ローカル電車で地域振興
兵庫県南部の播州エリアにはかつて旧播州鉄道の加古川線、三木線、鍛冶屋線、高砂線、北条線の5路線が走っていた。旧国鉄に移管されるなどして存続していたが、すでに多くが廃止。北条線は第3セクター鉄道「北条鉄道」として残る。
兵庫県加西市と小野市を結ぶ約14キロの短い北条鉄道がなぜ存続しえたのか。1995年の開業時から2005年までは赤字続き。鉄道ファンが乗りに来るだけで、沿線住民の関心は低かったという。
そこで8つある無人駅の駅長を公募し、駅長に鉄道の利用促進につながる活動を求めたほか、08年からは加西市とともに「北条鉄道まつり」を実施。鉄道事業者と市民との距離を縮めるイベントを開いた。こうした取り組みが功を奏し、沿線住民からの支援の輪が少しずつ広まった。

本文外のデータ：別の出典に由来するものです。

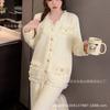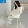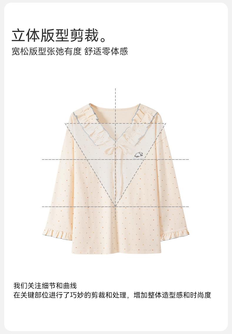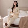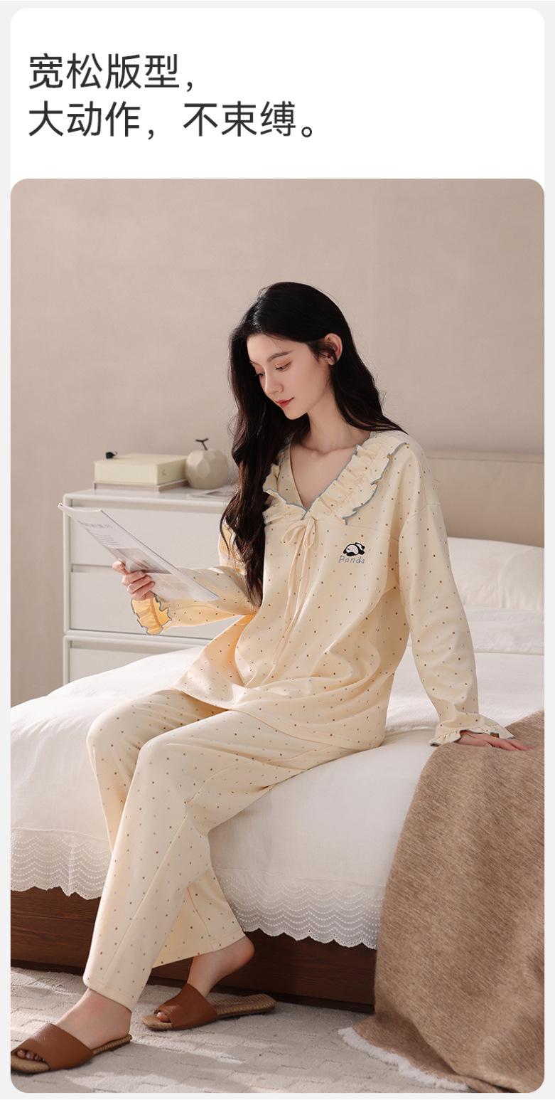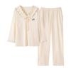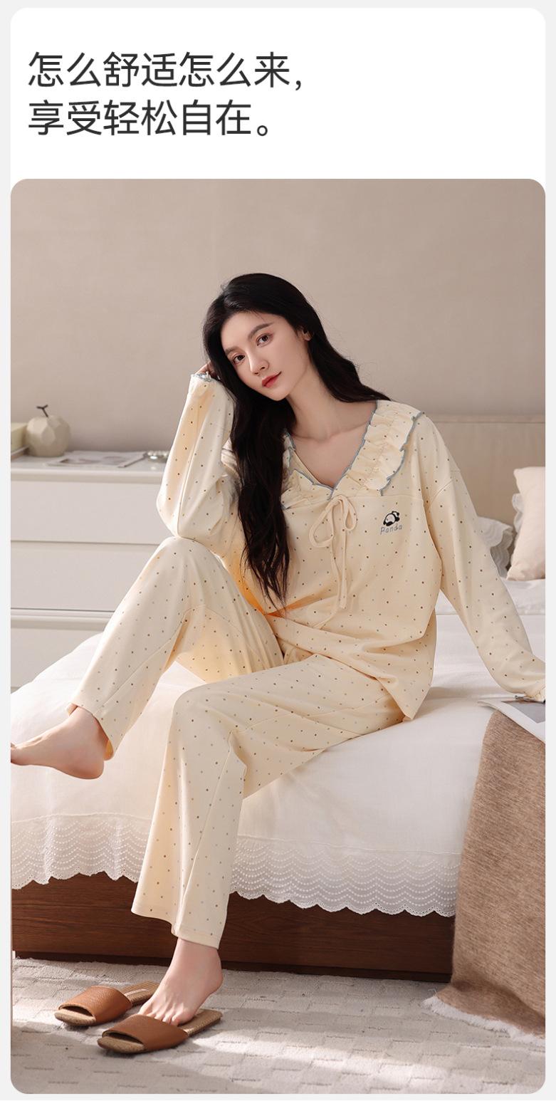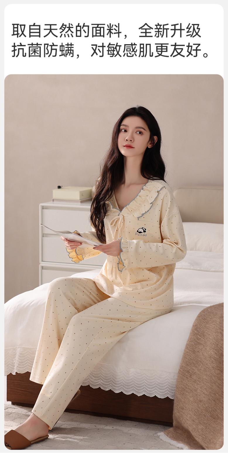 Pijama para Mujer Temporada de Primavera y Otoño Algodón Puro Manga Larga Pantalón Largo Conjunto Cuello Redondo Otoño e Invierno Holgado Casual Algodón con Lycra Ropa para el Hogar

鉄道ファンに対しては、彼らに人気があるキハ40の中古車両を購入し、途中の法華口駅に「行き違い交差設備」を採り入れ写真撮影スポットとしたほか、列車本数も増発。夏には「かぶと虫列車」や「ビール列車」、冬には「おでん列車」などのイベント列車も走らせた。さらにはオリジナルグッズの販売を行うなど話題づくりに事欠かない。
市民と鉄道ファンのマンパワーを生かした取り組みが鉄道と地域を盛り上げる原動力になっている。